--- AIM OF THE EXERCISE ---
Your copy should begin with the line containing "Flavour Description Thick", end with the line containing "Sací hadice s", match the listing below exactly, and contain no pictures.

───── TASK MATERIAL ─────

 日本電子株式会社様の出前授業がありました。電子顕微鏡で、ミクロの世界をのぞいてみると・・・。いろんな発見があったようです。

─────
───── TASK MATERIAL ─────

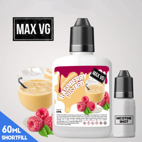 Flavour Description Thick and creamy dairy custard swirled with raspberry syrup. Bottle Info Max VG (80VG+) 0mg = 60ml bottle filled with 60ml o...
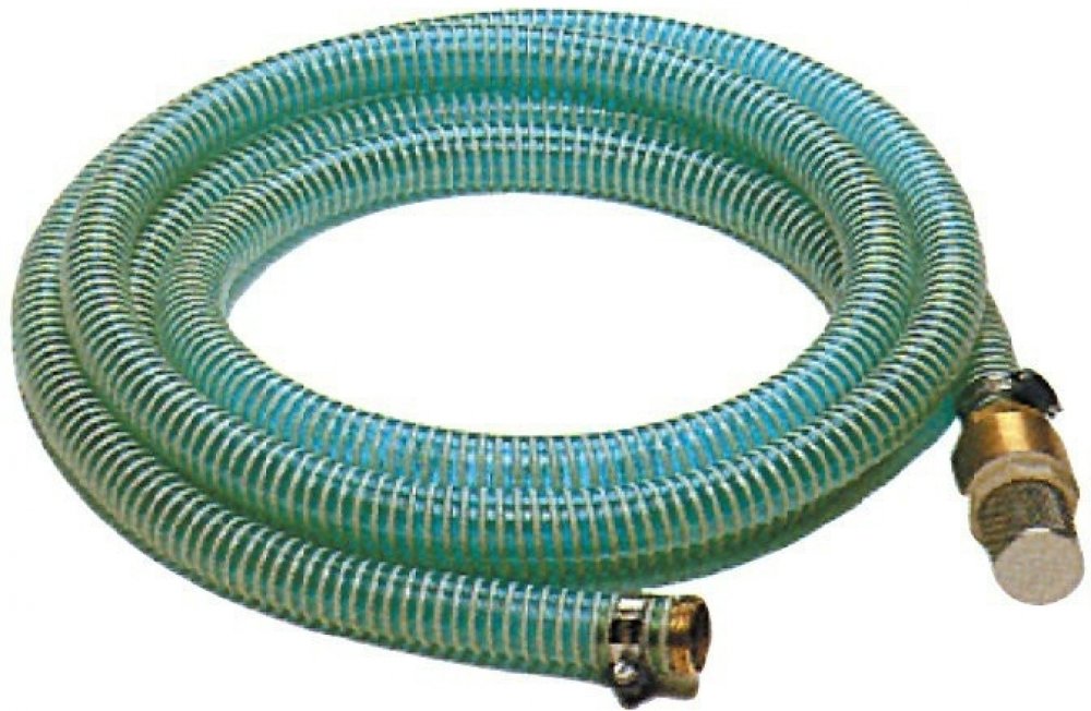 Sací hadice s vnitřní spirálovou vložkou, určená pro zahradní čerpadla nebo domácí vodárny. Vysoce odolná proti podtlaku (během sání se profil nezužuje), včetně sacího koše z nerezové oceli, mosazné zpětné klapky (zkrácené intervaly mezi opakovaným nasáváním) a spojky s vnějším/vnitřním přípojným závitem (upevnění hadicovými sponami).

─────
───── TASK MATERIAL ─────

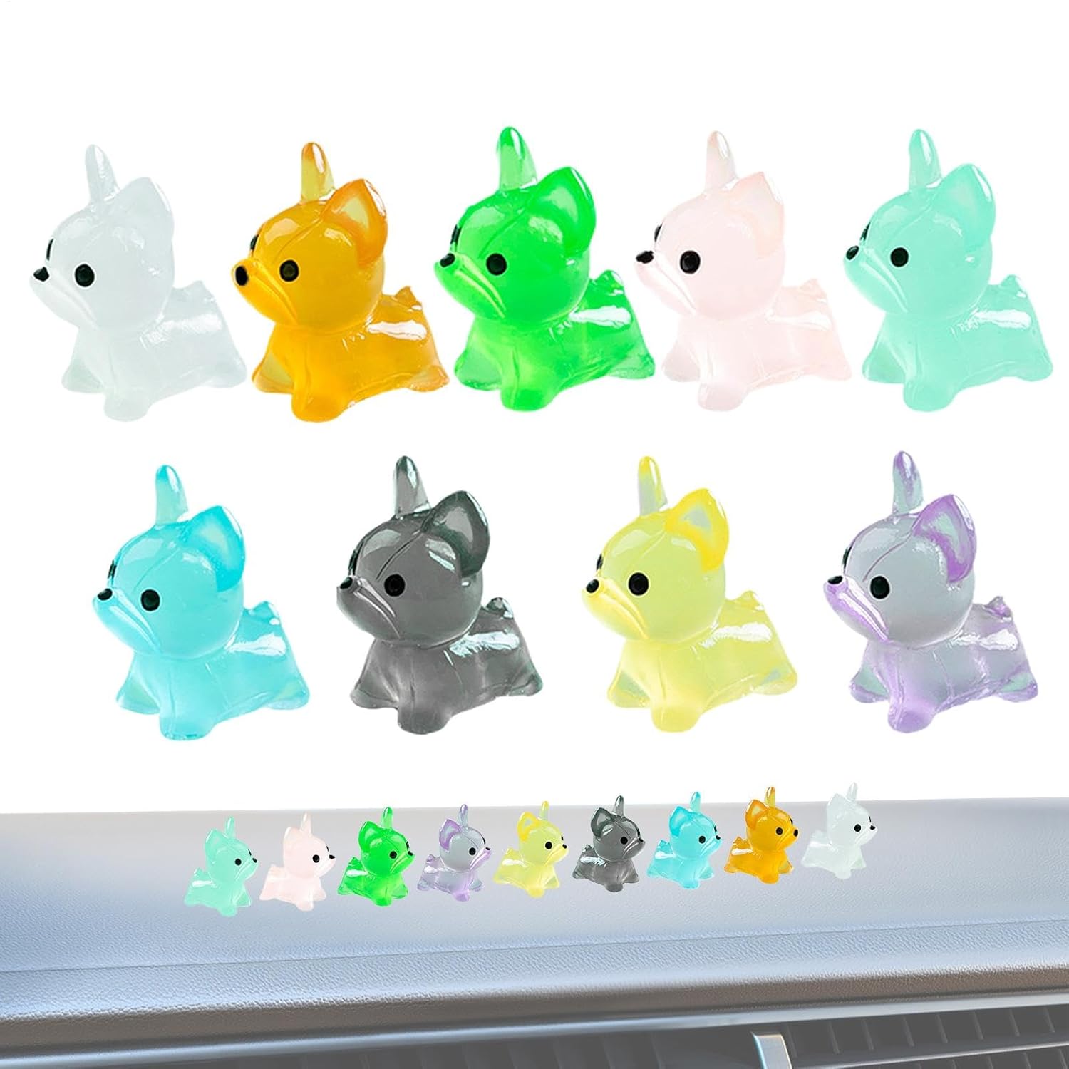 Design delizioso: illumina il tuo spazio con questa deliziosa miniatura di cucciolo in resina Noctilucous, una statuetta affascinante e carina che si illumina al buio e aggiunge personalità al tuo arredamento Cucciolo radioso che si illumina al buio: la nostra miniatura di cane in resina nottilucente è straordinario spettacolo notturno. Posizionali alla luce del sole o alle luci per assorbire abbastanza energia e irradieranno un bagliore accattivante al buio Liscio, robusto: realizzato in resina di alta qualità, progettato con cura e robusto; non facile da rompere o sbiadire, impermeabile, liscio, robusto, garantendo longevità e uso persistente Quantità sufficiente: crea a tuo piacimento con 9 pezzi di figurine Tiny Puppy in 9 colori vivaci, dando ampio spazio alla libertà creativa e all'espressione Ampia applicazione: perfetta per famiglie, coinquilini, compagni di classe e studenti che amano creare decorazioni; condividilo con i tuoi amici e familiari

─────

--- SOLUTION ---
 Flavour Description Thick and creamy dairy custard swirled with raspberry syrup. Bottle Info Max VG (80VG+) 0mg = 60ml bottle filled with 60ml o...
 Sací hadice s vnitřní spirálovou vložkou, určená pro zahradní čerpadla nebo domácí vodárny. Vysoce odolná proti podtlaku (během sání se profil nezužuje), včetně sacího koše z nerezové oceli, mosazné zpětné klapky (zkrácené intervaly mezi opakovaným nasáváním) a spojky s vnějším/vnitřním přípojným závitem (upevnění hadicovými sponami).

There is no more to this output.